- Developer(s): Konami
- Publisher(s): Konami
- Composer(s): Michiru Yamane Kazuhiko Uehara Motoaki Furukawa Yukie Morimoto Masahiro Ikariko
- Series: Gradius
- Platform(s): MSX
- Release: JP: January 27, 1989; EU: 1988;
- Genre(s): Shoot 'em up
- Mode(s): Single-player

= Nemesis 3: The Eve of Destruction =

1988 video game

Nemesis 3: The Eve of Destruction (ゴーファーのエピソードII, Gōfā no Yabō Episōdo Tsū) is a 1988 computer game, developed and published by Konami exclusively for the MSX platform in 1988. It was only released in Japan and Europe. The game is part of the long running Gradius series of side-scrolling shooters and is a spin-off of Gradius II: Gofer no Yabou. It is the second game of the series to be released exclusively for the MSX after Nemesis 2. In terms of the story; the game is a sequel to Gradius II, Nemesis 2, and the MSX conversion of Salamander. The game takes place almost 200 years after the crisis with Dr. Venom and James Burton has died in the year 6718. The Vic Viper is replaced by a new ship called the Vixen (4 classes); piloted by David Burton, a direct descendant of James who is assisted by his AI Gaudie.

==Gameplay==
Four distinct classes of Vixen can be chosen. The first one resembles the original Vic Viper. The second one is a twisted version of Vic Viper, featuring the new "Photon Missile". The third one is more like Metalion from Nemesis 2, featuring "Napalm Missile" and (Extended) "Fire Blaster". The fourth one is more like the Sabel Tiger from Salamander, featuring the 2-way missile approach and "Ripple Laser". All four classes may choose between the classic "Shield" or the "Force Field", which takes less hits to expire, but protects from any direction. It is also possible to choose the behavior of "Option", from the original shadow movement, "Fixed" and "Rolling", like the "Option Warrior" from Nemesis 2.
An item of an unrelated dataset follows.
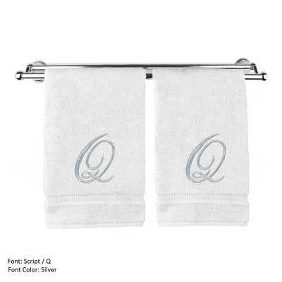 BC BARE COTTON Monogrammed Bath Towel, Personalized Gift, 27 x 54 inches - Set of 2 - White - Silver Script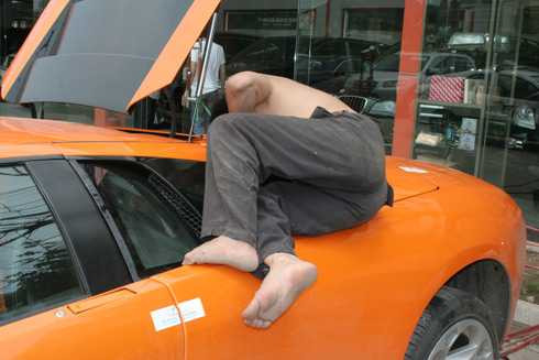 Hình ảnh siêu xe Lamborghini Aventador màu vàng được thay lốp ngay trên hè mà không phải trong một xưởng bảo dưỡng của Lamborghini, và do người thợ bình dân thực hiện gây ấn tượng mạnh khi xuất hiện trên mạng. Trước đó, một người thợ khác từng phải nằm bò trên chiếc Murcielago màu cam để sửa động cơ cho siêu xe.

The game retains several of the new weapons introduced in Nemesis 2 like "Up Laser", "Fire Blaster" and "Vector Laser" as well as Salamander weapons like "Meteor Laser" and "Screw Laser". This is the only game in the Nemesis series which visibly keeps track of the number of speed boosts. In order to upgrade the ship's weapons, secret spots must be found, just like the secret stages in Nemesis 2 and the predictions in Salamander.